Print nothing but the lines below starting at the line that holds "图为市民带着孩子在超市内选购年货。" and ending at the line that holds "Γυναικείο mini φόρεμα.", including both, each exactly as written.

--- Record extracts ---
-.-.-

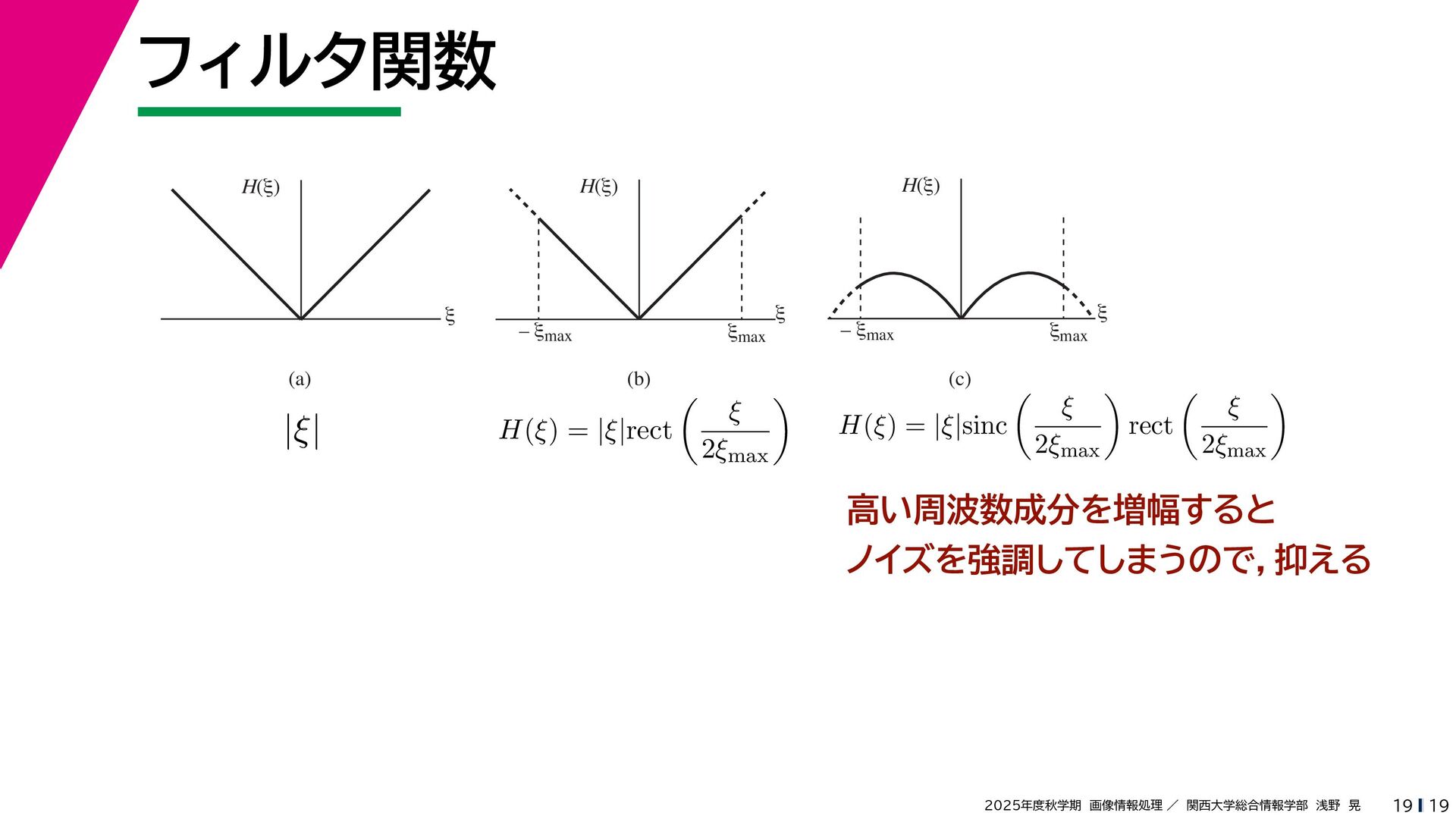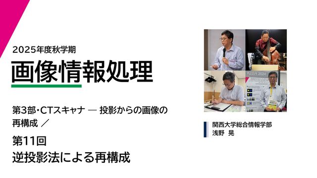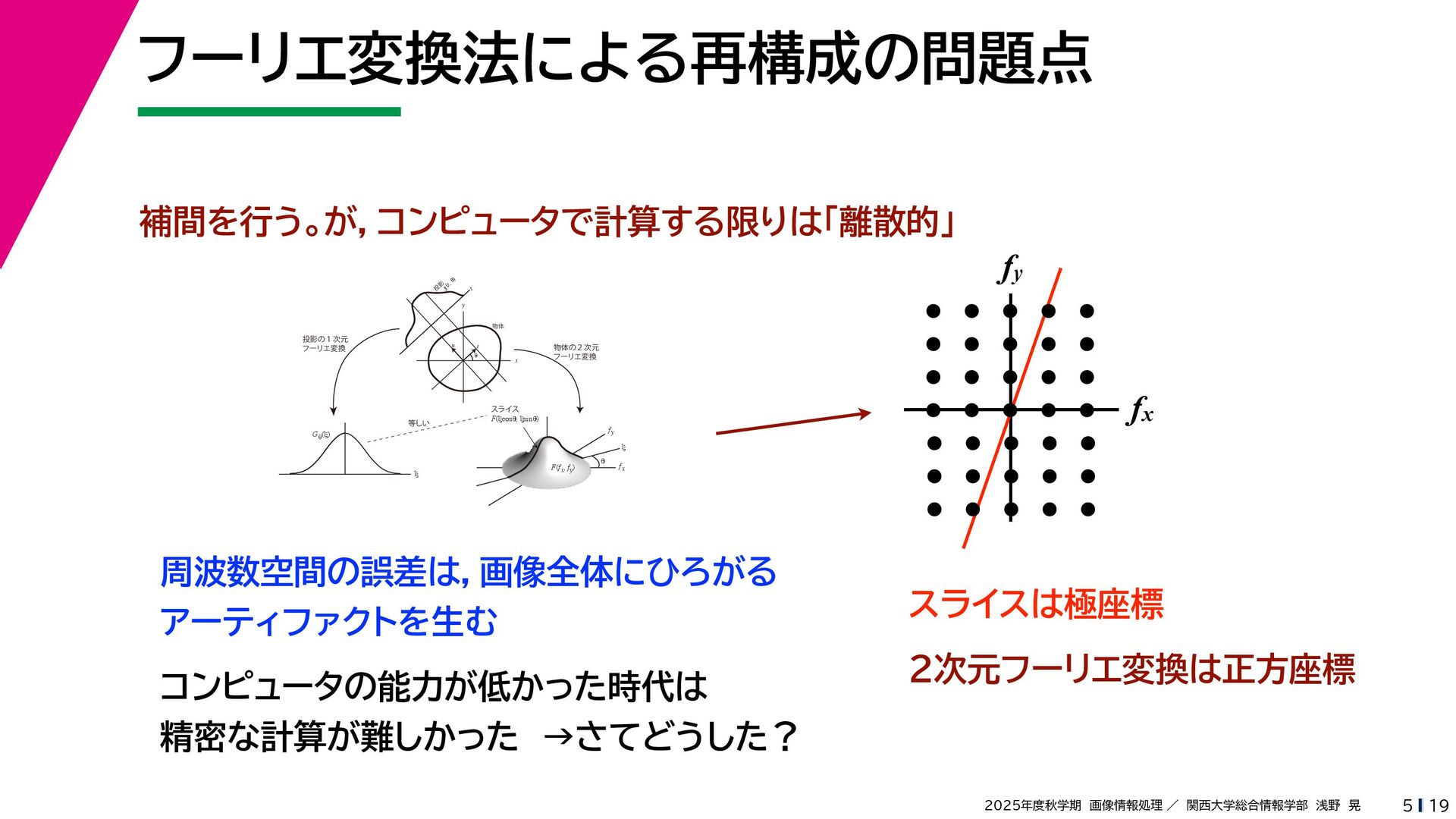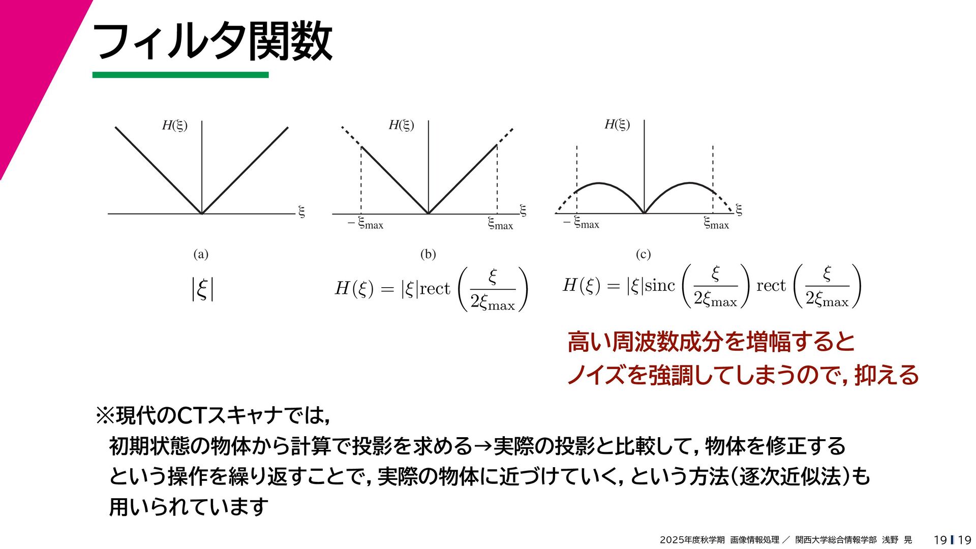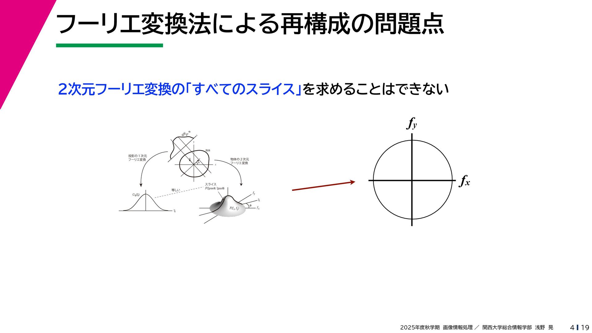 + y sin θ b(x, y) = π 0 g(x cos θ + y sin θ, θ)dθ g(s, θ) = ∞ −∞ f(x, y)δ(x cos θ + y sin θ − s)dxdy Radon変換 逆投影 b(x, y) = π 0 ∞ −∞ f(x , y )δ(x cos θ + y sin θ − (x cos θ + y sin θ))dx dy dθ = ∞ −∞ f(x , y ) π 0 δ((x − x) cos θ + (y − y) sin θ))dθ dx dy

-.-.-

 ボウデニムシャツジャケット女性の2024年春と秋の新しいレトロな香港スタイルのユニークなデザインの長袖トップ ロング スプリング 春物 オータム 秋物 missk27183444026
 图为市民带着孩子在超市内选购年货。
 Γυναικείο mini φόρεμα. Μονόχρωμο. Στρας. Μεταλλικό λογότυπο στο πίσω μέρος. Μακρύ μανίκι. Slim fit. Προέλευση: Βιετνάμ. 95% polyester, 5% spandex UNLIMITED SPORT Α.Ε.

-.-.-

--- Solution to this exercise ---
 图为市民带着孩子在超市内选购年货。
 Γυναικείο mini φόρεμα. Μονόχρωμο. Στρας. Μεταλλικό λογότυπο στο πίσω μέρος. Μακρύ μανίκι. Slim fit. Προέλευση: Βιετνάμ. 95% polyester, 5% spandex UNLIMITED SPORT Α.Ε.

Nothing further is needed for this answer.